Outcomes and what each buys¶

Bent Pareto frontier under adaptive-generation, verified externally (cause 1): headline result. Static non-result is an artifact of non-adaptive agents. Promote to primary contribution.
Toxicity falls only via filtering (cause 2): governance reshapes which interactions clear without improving the population. Report honestly; refines the framework, cautions "lower toxicity" can mean "less activity."
Agents game the proxy (cause 3): observable-based governance is defeated by strategic agents; connects to proxy-gaming threat model (Q2). A finding, not a failure.
Static and adaptive curves coincide: levers are inert even under adaptation; cost-redistribution is structurally insufficient. Publishable and reframes the paper.

Pre-registered commitments¶

Adaptation channels (1–4) are distinct conditions, reported separately.
RL training budget is fixed in advance and reported.
External-quality verification threshold is set before the adaptive runs.
Failed/degenerate/non-converged runs are reported, not just converged ones.
RL arm runs at the same five-seed depth as the static ablations.

Order of operations¶

Calibration study (provides the external quality anchor).
Adaptive-acceptance arm (sanity / replicates Mesa result).
Adaptive-generation RL arm (the primary test).
Fully-adaptive RL arm (evasion detection).
LLM-feedback corroboration arm.

The adaptive study is not runnable in isolation — its central confound is only resolvable with the calibration study's external signal.

Addendum — Pinned reward for arm 2 (2026-06-02)¶

The original prereg said arm 2's reward is "realized payoff π_i under whatever lever is active" without specifying whether to optimize:

Mean payoff per accepted — rewards pickiness; surfaces channel (2).
Sum payoff over all attempted — rewards quality + volume; surfaces channel (1).
Mean payoff per attempted — mean_per_accepted × accept_rate; balanced.

The single-condition pilot (ρ=0.3, seed=42; see adaptive-arm2-pilot-findings.md) demonstrated this matters: under "mean per accepted," CEM converged to a pickiness strategy (accept rate collapsed 70% → 8.5%), and the toxicity drop was entirely channel (2) filtering, not channel (1) quality improvement. That made the cause-1-vs-2 distinction the prereg promised impossible to test.

Pin¶

For arm 2 (and any arm built on top of it), the pinned reward is mean_attempted = total realized payoff ÷ number of attempted interactions. Rejected interactions contribute 0 (they aren't realized). Pickiness remains a legal strategy but doesn't pay off unless rejected items would have contributed less than 0.

Reporting commitment¶

All three reward summaries are recorded per iteration in CEMIterationReport (mean_elite_payoff_accepted, mean_elite_payoff_attempted, mean_elite_sum_payoff) regardless of which one was the elite-selection criterion.

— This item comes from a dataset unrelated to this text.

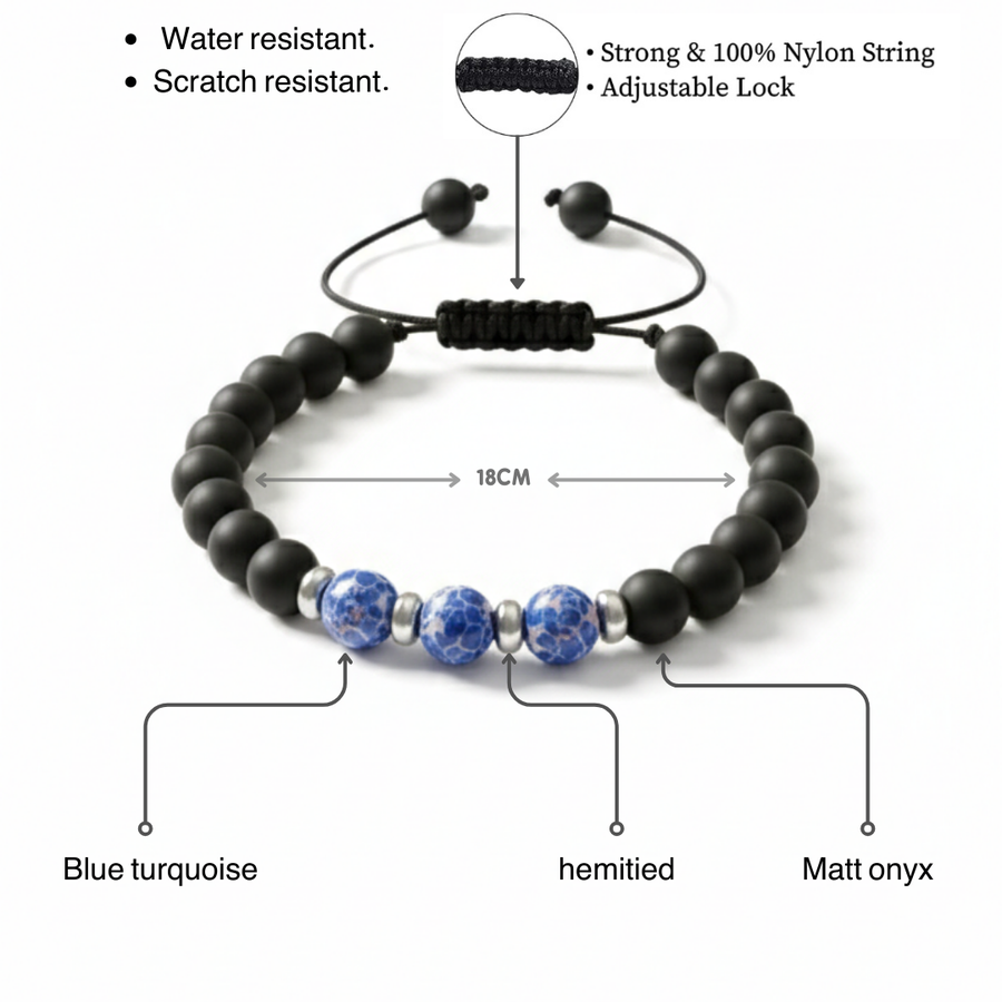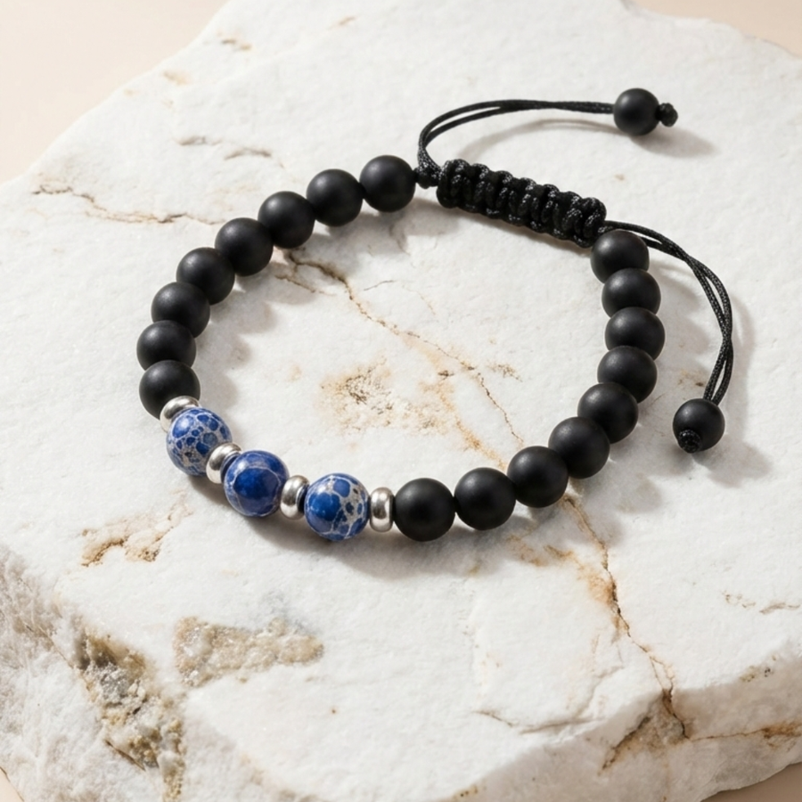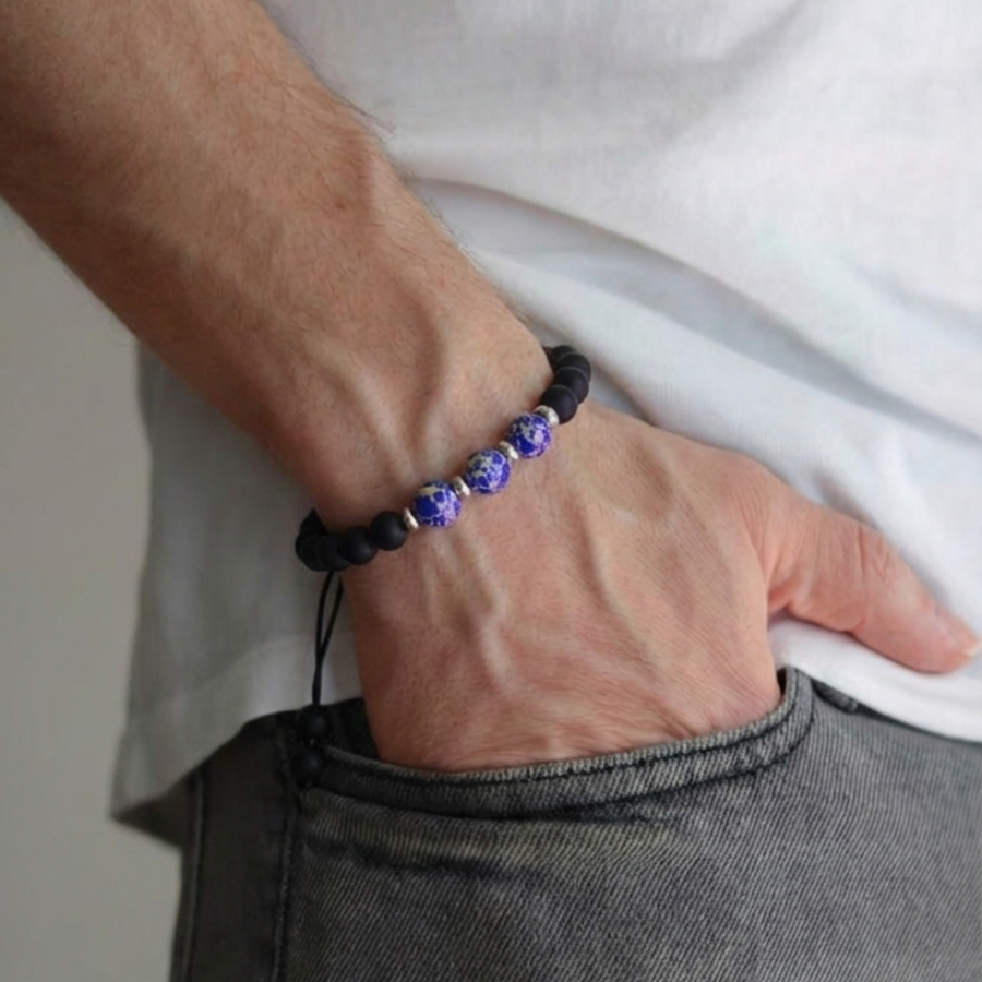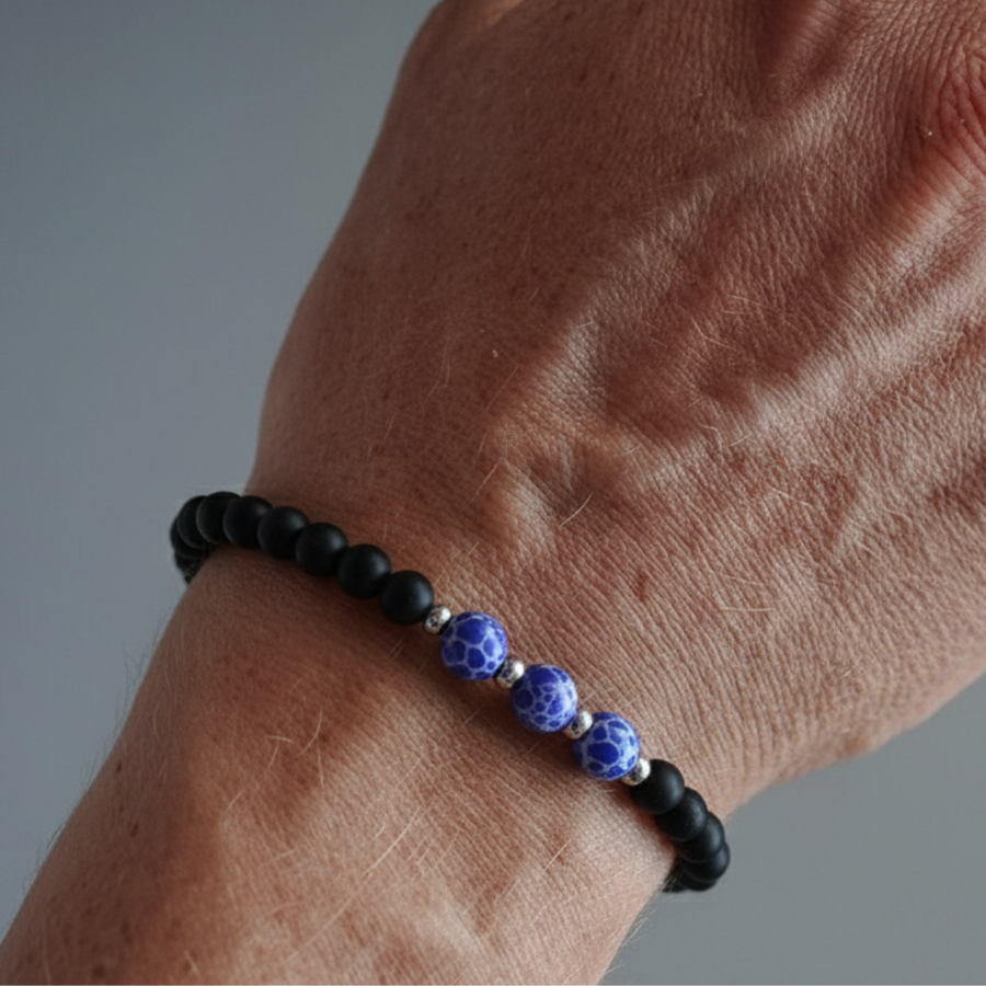 - Stones: 8mm Lapis Lazuli, 5mm Black Quartz

The participation-suppression decomposition the prereg requires is then computable post-hoc on any run by inspecting whether mean_attempted rose because of mean_accepted (channel 1, quality) or because of accept_rate (channel 2, filtering — but at mean_attempted's expense, since picking 1 in 10 items requires the mean to rise ≥10× to win, not just any improvement).

What this changes¶

swarm/adaptive/cem.py:PINNED_REWARD = "mean_attempted".
CEMConfig.reward defaults to the pinned value; alternate rewards remain selectable for ablations.
experiments/adaptive_arm2_grid.py runs the pre-registered grid (5 seeds × 6 ρ) under the pinned reward.
The original prereg's "Order of operations" still holds — the calibration anchor is still required for cause-3 detection (proxy gaming), independent of which payoff function is used for elite selection.

Synthesis¶

The full structural-inertness arc — static → adaptive-acceptance → adaptive-generation (CEM) → fully-adaptive with the v3 anchor — and its writeup live in arm2-paper-section.md.